▶ _Dataset extract_
*** Begin section ***

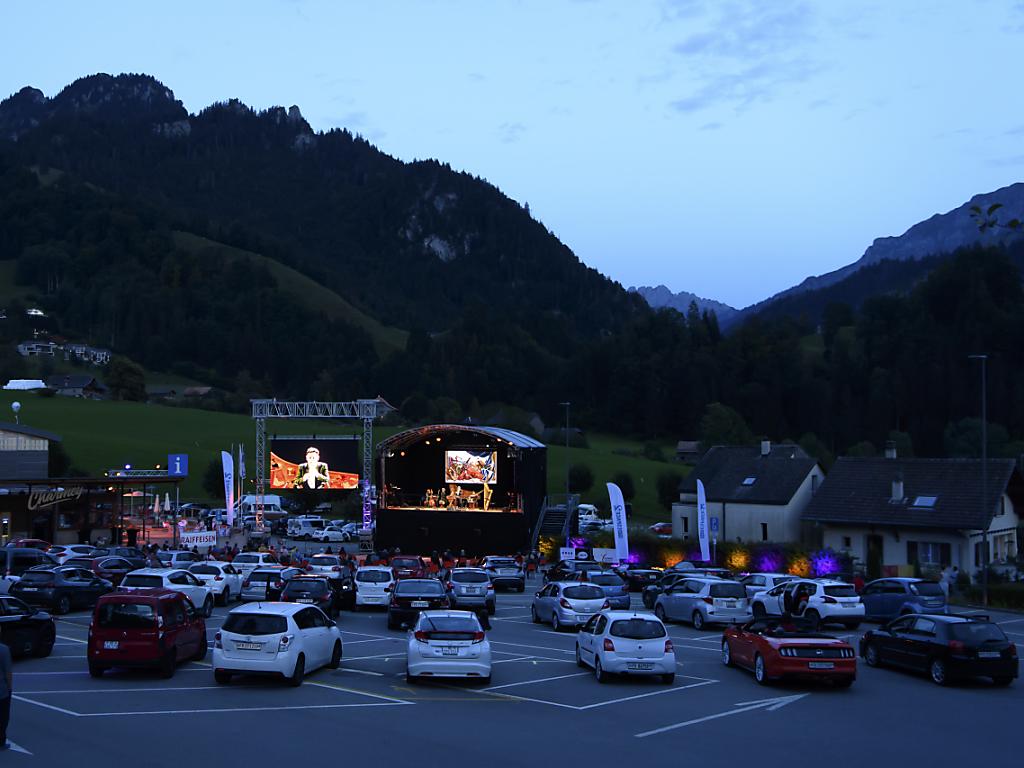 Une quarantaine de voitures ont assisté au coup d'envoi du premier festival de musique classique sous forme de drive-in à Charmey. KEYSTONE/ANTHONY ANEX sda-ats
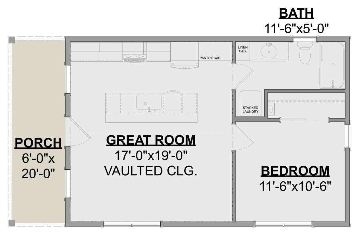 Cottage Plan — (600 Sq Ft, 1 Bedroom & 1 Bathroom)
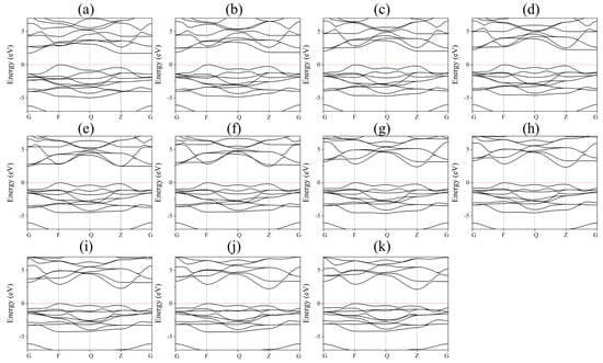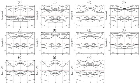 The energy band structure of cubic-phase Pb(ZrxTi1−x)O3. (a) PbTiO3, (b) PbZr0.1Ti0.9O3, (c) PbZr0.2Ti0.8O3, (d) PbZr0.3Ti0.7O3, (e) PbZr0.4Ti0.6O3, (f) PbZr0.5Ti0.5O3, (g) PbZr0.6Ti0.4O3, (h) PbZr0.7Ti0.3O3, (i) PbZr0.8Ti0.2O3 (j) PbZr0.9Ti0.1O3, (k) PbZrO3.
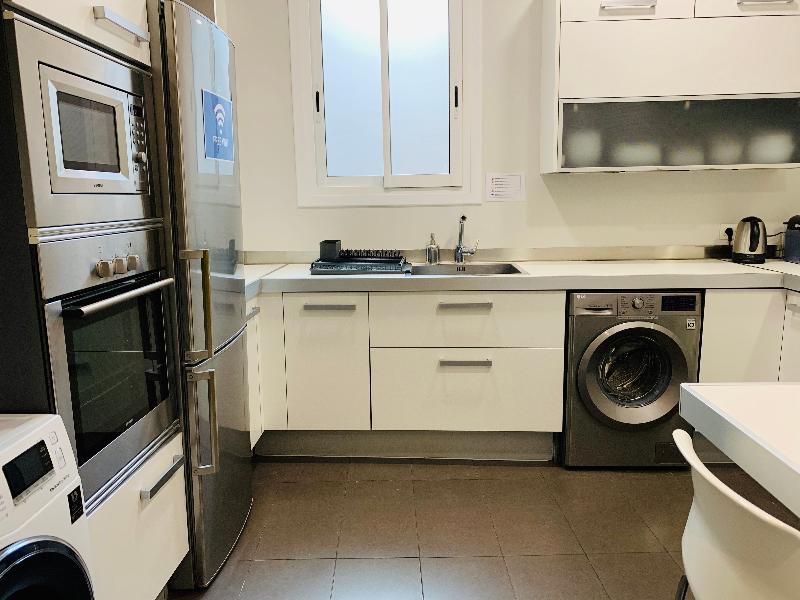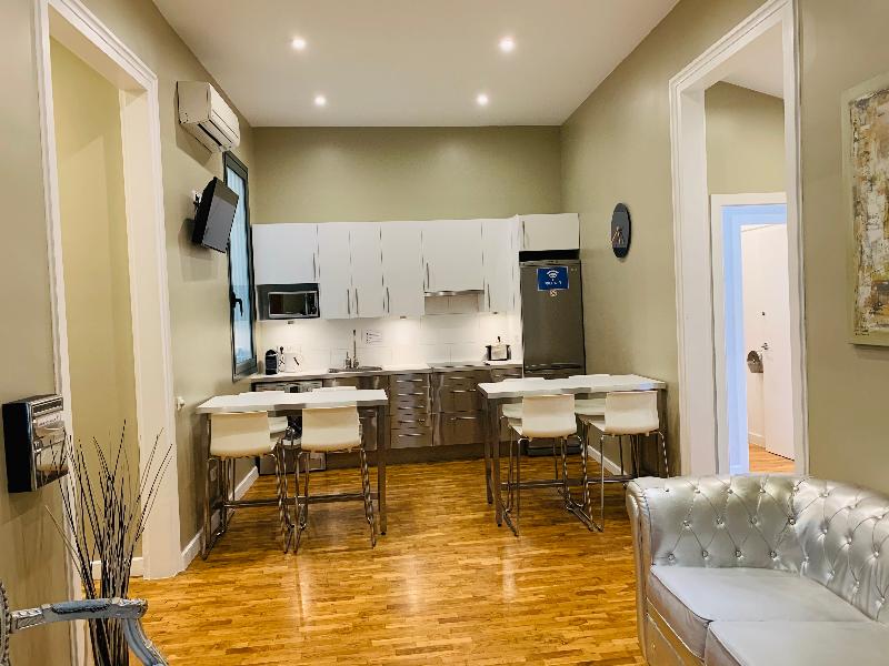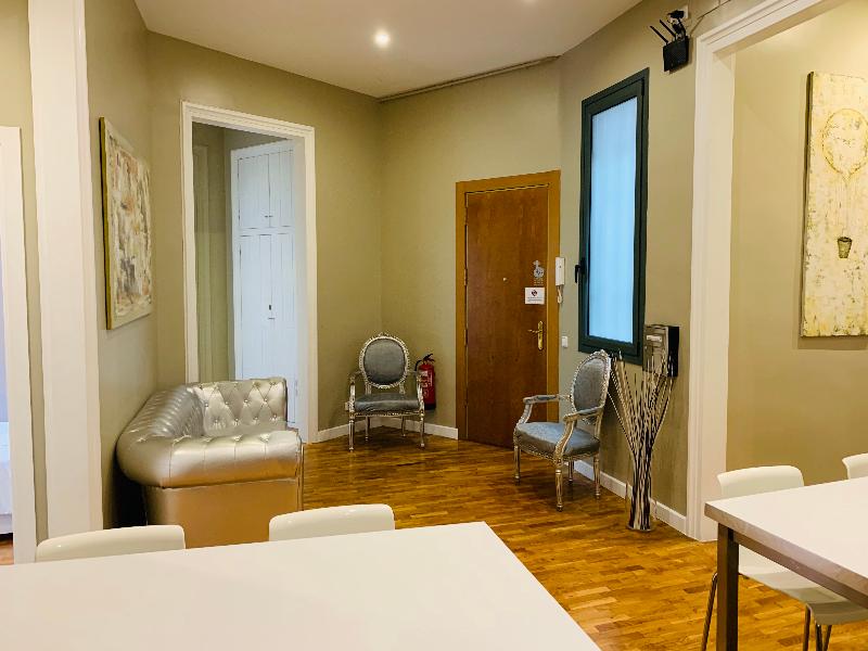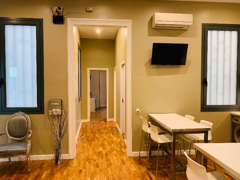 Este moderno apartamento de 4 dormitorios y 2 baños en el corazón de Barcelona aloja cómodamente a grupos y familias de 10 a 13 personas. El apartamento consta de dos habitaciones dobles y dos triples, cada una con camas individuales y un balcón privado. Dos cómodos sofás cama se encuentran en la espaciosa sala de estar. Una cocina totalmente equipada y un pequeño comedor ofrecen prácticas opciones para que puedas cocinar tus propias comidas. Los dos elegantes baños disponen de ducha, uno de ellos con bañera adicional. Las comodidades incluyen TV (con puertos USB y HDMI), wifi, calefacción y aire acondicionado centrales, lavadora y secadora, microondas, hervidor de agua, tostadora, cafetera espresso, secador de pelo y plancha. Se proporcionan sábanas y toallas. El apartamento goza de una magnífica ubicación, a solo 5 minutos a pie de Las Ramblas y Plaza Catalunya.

*** End section ***

Please repeat exactly the data above from its first line to the line that contains "The energy band", inclusive, and leave every picture out.

▶ _Task solution_
 Une quarantaine de voitures ont assisté au coup d'envoi du premier festival de musique classique sous forme de drive-in à Charmey. KEYSTONE/ANTHONY ANEX sda-ats
 Cottage Plan — (600 Sq Ft, 1 Bedroom & 1 Bathroom)
 The energy band structure of cubic-phase Pb(ZrxTi1−x)O3. (a) PbTiO3, (b) PbZr0.1Ti0.9O3, (c) PbZr0.2Ti0.8O3, (d) PbZr0.3Ti0.7O3, (e) PbZr0.4Ti0.6O3, (f) PbZr0.5Ti0.5O3, (g) PbZr0.6Ti0.4O3, (h) PbZr0.7Ti0.3O3, (i) PbZr0.8Ti0.2O3 (j) PbZr0.9Ti0.1O3, (k) PbZrO3.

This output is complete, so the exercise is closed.